Buku penting kedua telah saya singgung diatas, terbit setelah duapuluh tahun dari buku Laffan, yang juga absen dalam referensi, adalah karya Lin Hongxuan Ummah Yet Proletariat: Islam, Marxism, and the Making of the Indonesian Republic (2023). Buku ini menurut pendapat saya sangat penting karena menunjukkan dengan sangat meyakinkan tentang hampir tak terpisahkannya Islam dan Marxisme dalah sejarah gerakan kemerdekaan Indonesia. Sebuah artikel dari Lin Hongxuan, seorang akademisi muda yang saat ini menjadi pengajar di NUS telah dijadikan referensi dalam kata pengantar, dan ini menunjukkan telah terbukanya kemungkinan untuk membaca tulisan-tulisan Lin Hongxuan yang lebih lengkap tentang Islam dan Marxisme.  

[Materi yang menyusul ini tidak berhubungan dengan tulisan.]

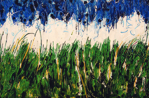 Lo spazio delle due tele di Il lungo viaggio del sole fino alla vetrata blu è conquistato attraverso un’energia interna ed una gestualità estrema, quasi violenta. I colori blu, giallo, rosso così intensi, materici e contrastanti, danno vita a straordinari effetti cromatici. Così come il bianco del cielo di Ondata immobile, solca il blu che a sua volta si intreccia con del verde, in un sovrapporsi di linee e colori in cui non esiste nessun criterio naturalistico ma dove tutto è regolato dal divenire della pittura “materia”.

Komunisme ditabukan untuk dibicarakan tidak hanya di Indonesia tapi juga di Singapura atau Malaysia, tiga negara di Asia Tenggara yang sama-sama pernah memiliki Partai Komunis atau setidaknya Partai Sosialis. Sebagai bagian dari Perang Dingin kita mengetahui negara-negara di Asia Tenggara oleh Amerika Serikat dan para sekutunya seperti Inggris dan Australia dijadikan sebagai sebuah blok (ASEAN) untuk membedung komunisme.  Sejak awal tahun 1970an kawasan Asia Tenggara berkembang dibawah rejim pemerintahan yang otoriter dalam ekosistim yang kapitalistk. Yoshihara Kunio dalam bukunya The rise of ersatz capitalism in South-East Asia (1988) menggambarkan kapitalisme yang berkembang di Asia Tenggara, termasuk Indonesia sebagai “Erzats Capitalism” (kapitalisme semu, kapitalisme tiruan). 

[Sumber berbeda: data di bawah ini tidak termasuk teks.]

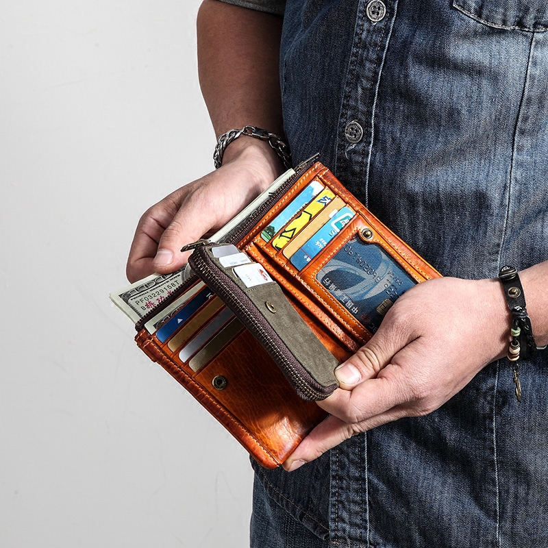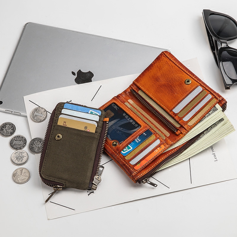 Wallet Male Short Leather Wallet Money Clip Student Retro Made of Old Laced Zero Wallet Vertical Bull Leather Men's Leather Wallet

Tahun 1965 bisa dikatakan sebagai awal dari sebuah periode dalam sejarah Indonesia dimana perkembangan pemikiran dalam ilmu-ilmu sosial dikuasai oleh pemikiran-pemikiran barat yang merupakan bagian dari strategi imperialisme global – meminjam istilah yang dipakai oleh Muhamad Ridha dalam bukunya – yang meminggirkan pemikiran-pemikiran Marxis dan komunistis. Implikasi dari diamputasinya komunisme di Asia Tenggara dan khususnya di Indonesia adalah hilangnya pemikiran-pemikiran yang menekankan pentingnya sosialisme dan keadilan sosial. Dalam konteks pembangunan  ekonomi, Indonesia menganut paradigma pertumbuhan yang dengan sendirinya meminggirkan paradigma pemerataan – yang sering dikonotasikan sebagai paradigma yang bersifat sosialistis atau marxistis, bahkan komunistis. Oleh karena itu terbitnya buku Muhammad Ridha Sejarah Kiri Dunia Islam (Intrans Publishing, Mei 2025) patut diapresiasi oleh kalangan ilmuwan sosial di Indonesia yang selama ini dipaksa memakai kacamata kuda untuk hanya memamah biak pemikiran-pemikiran barat yang anti pemerataan dan keadilan sosial.

Sentani Jayapura, 27 September 2025

——

*Riwanto Tirtosudarmo, Peneliti Independen.